The system is really laggy, when I go to ''my computer'' to see the drives and their capacity, sometimes it tells me C: is full when it was almost empty. Then It would show the green ''loading'' bar up top and until it reached the end of it's loading the whole system freezes. Then I see the correct info 1.78TB free of 1.81TB and the system starts acting normally.

It happens fairly often too... I looked up stuff concerning AHCI and stuff about LPM (link power management) showed up. It seems to be a power management thing where it disables unused Optical drives and idle hard drives. But I never found out how to change it's settings...

Please help! are my hard drives simply not compatible with AHCI? or is it really some setting.

If it's my hard drives is there some complex maneuver necessary to go back to IDE?


Rig
MB: Asus P5Q (regular one) MCH=P45
CPU: Core 2 quad Q9400 not overclocked since formatting
GPU: Asus EAH4870 512M memory (ati radeon hd 4870) not overclocked
HDD: 1 Green WD 1TB (storage) and 1 Green WD 2TB (OS partition)
PSU: Corsair TX750W
Case: Coolermaster CM690
RAM: 2x 2GB DDR2 800MHZ kingston
Case:CM690
Windows 7 professional 64 bit
 
Those drives are compatible with AHCI. The green drives are definitely not well known for their performance. They are good for backups or data/media storage where performance is not a factor.

This might be why you are seeing lag and why the speed seems to be not meeting your expectations. That capacity consistency issue is strange. Does it always give you a different result?
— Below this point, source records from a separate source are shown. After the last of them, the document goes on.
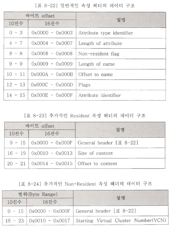 위의 표를 살펴보면 각 속성 앞부분에는 공통적으로 속성 헤더(Attribute Header)가 오는 것을 알 수 있다. 속성 헤더 항목은 해당 속성이 Resident 속성인지 Non-resident 속성인지에 따라 데이터 구조가 조금 다르다.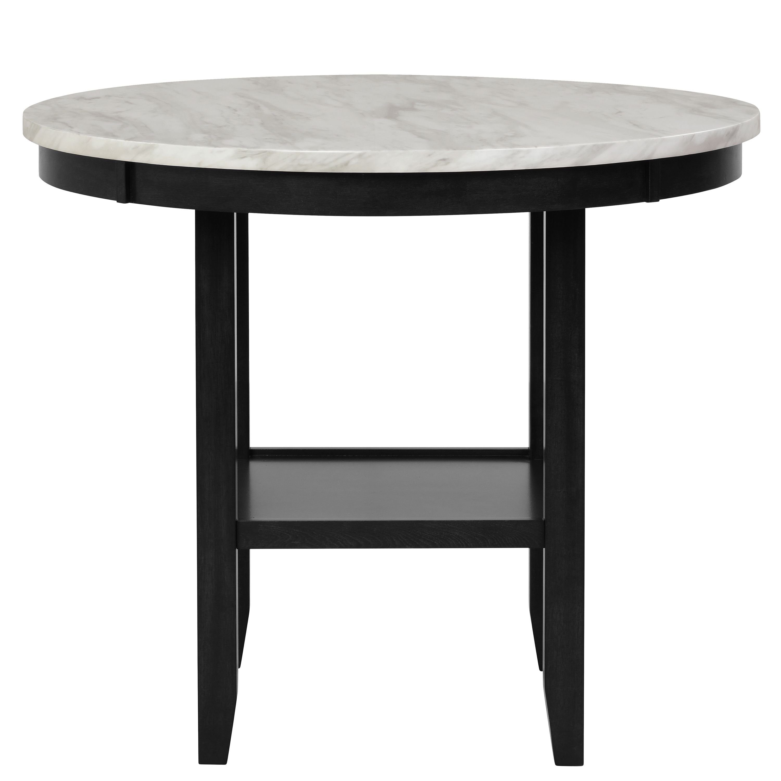 Transitional 5pc Round Counter Height Dining Table Set White Faux Marble Upholstered Black Fabric Dining Room Wooden Furniture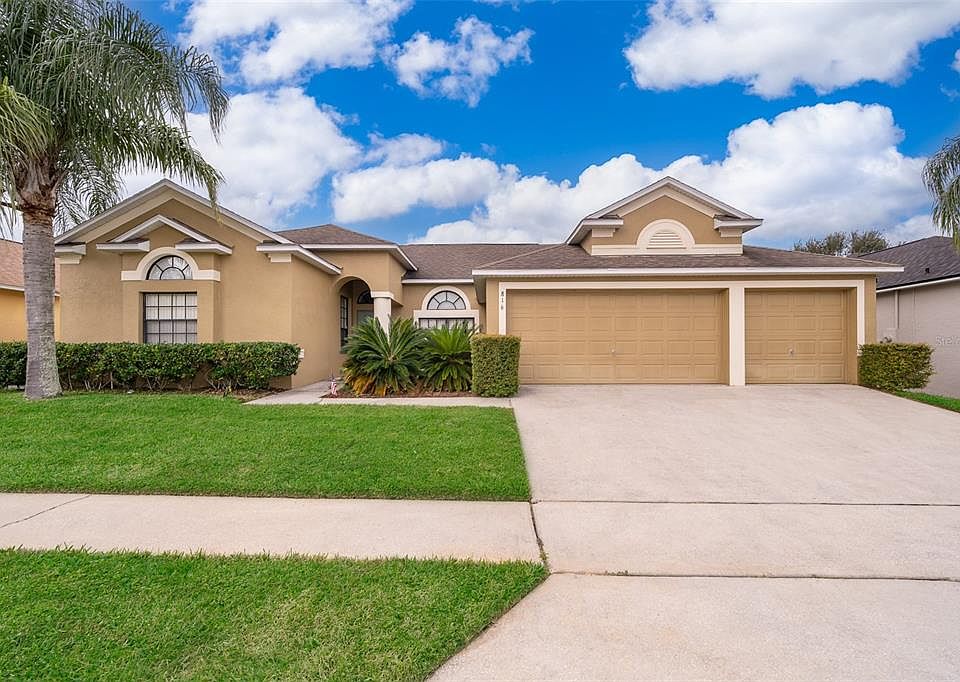 Spacious 4 bedroom with den /study set up as 5th bedroom, 3 full bathrooms, 3 car garage, heated pool and spa. Located in The Estates at Legacy Park. This is a great floorplan with bedrooms split 3 ways. There is a large, combined living/dining room with sliding doors leading to the west facing heated pool & spa, along with a separate family room combined with kitchen and dinette area. Kitchen is oversized with a built-in desk, island, stainless appliances and windows overlooking pool area. Separate laundry room just off the kitchen. This is an overall beautiful home ready for a family now or to use as a rental property. Comes fully furnished. New roof just completed Feb 2024 Room Feature: Linen Closet In Bath (Primary Bedroom).

Switching to IDE mode is just a matter of changing the BIOS setting. Now if you want to switch back to AHCI, follow the following procedure from the MS knowledge base (the 'let me fix it myself' section):

http://support.microsoft.com/kb/922976

Windows 7 has built-in support for AHCI. Did the Intel Rapid Storage technology program come with the motherboard (I'm trying to figure out why you chose to install it?)?
 

thyrokio

Distinguished
Dec 25, 2010
47
0
18,530
I looked up AHCI driver on intel's website and this one popped up. It looked like the most recent driver too so I downloaded it.

Anyways, for whatever reason the problem didn't occur since then. So I'll keep an eye on it, but it seems to be fine now.